In a sense, the happy diversity of schools of yoga is like freedom of religion: every religion is equally welcome, provided it, like the others, has a common belief in the perfectibility of man, the desire for peace, and the right of other religions to thrive. Jacob Burckhardt wrote of religion: “Now, no religion has ever been quite independent of the culture of its people and its time. It is just when . . . it is interwoven with life as a whole that life will most infallibly react upon it.” Through yoga is emphatically not a religion, but simply a practice, it too intends to be “interwoven with life as a whole.” One example of yoga’s integration is mixed-gender classes, which were unthinkable a hundred years ago and are still shunned in some parts of the world. Another is the possibly more serious contact between yoga and contemporary science.
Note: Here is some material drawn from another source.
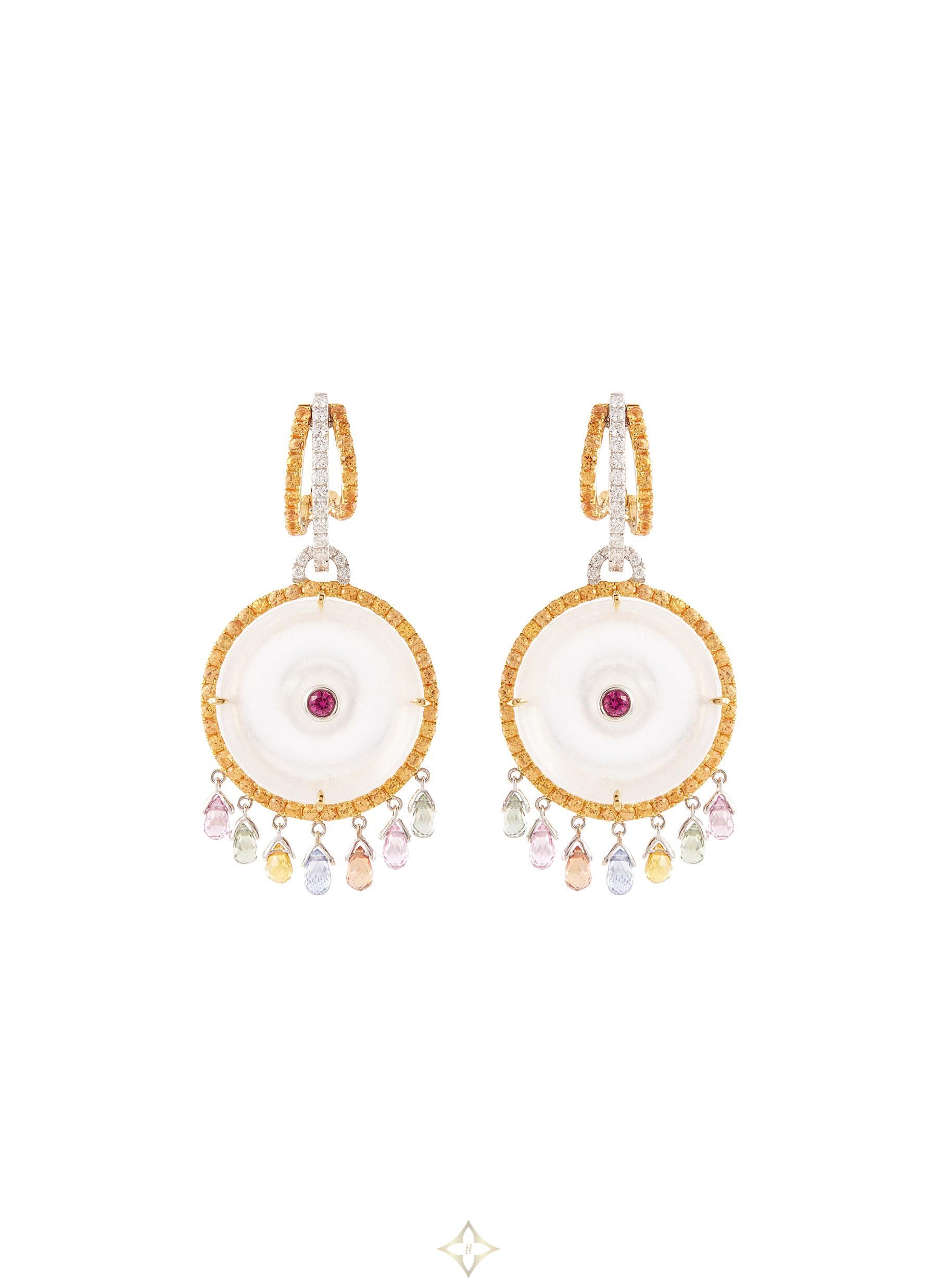 DIAMOND SAPPHIRE JADEITE 18K GOLD EARRINGS

Since we have yet to see the first scientific comparison of one style of yoga with another, it seems reasonable to assume that we choose a style more or less the way we choose a religion: aesthetics, family, friends, personal preferences, the charisma of a given proponent. Therefore, it makes little sense to trumpet one’s own preferences as “better for you” or the “right one” for conditions like arthritis, cancer, or depression, etc., until that has been shown to be true. Whatever else yoga may be, it is allied with the wisdom of men and women of old in every land–Indian, Greek, Chinese, and Native American: to choose the rational course, however iconoclastic to the dominant mores of their own people. It would be antithetical to the whole idea of yoga to close-mindedly contend that simply because we believe something, it is the closest we can come to truth.
We now have the means, with science, to determine what is good for what, and why. We can suffer the unfortunate fate of so many religions and maintain the supremacy of what we happen to believe, in spite of its being absolutely unsupported by a single empirical observation, or we can open our eyes and confirm or refute our current beliefs.
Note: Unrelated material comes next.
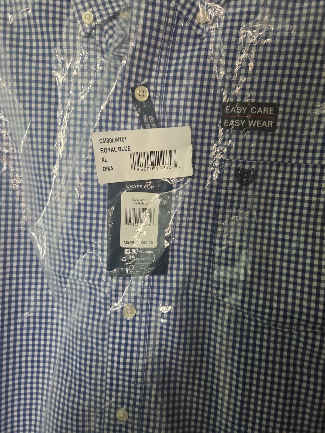 Chaps Mens XL Blue Checkered Button Down Long Sleeve. Stylish perfect for work or a causal outting. New with tags and new in packaging, retails for $65 as shown on tag.

It is amazing that the great monotheistic religions of the world, though they all believe in a single creator of the universe, fail to coexist and cooperate. If yoga is going to grow in usefulness, physicians, yogis, and scientists must communicate in an atmosphere of mutual respect.
We happen to stand at the perimeter of a vast and well-kept clearing. It is the intersection of two great thoroughfares of thought, medicine and yoga, each many centuries in the making. One edge of the clearing may be empirical, another may be spiritual. The clearing is so great, compared to our capacity for sensing and understanding, that from one side we cannot easily see to the other. We can stubbornly claim one small part of it as our own, and diligently defend its boundaries. Or we can explore.
This article is an excerpt from Loren Fishman’s book, Yoga for Arthritis, published by W. W. Norton & Company, Inc.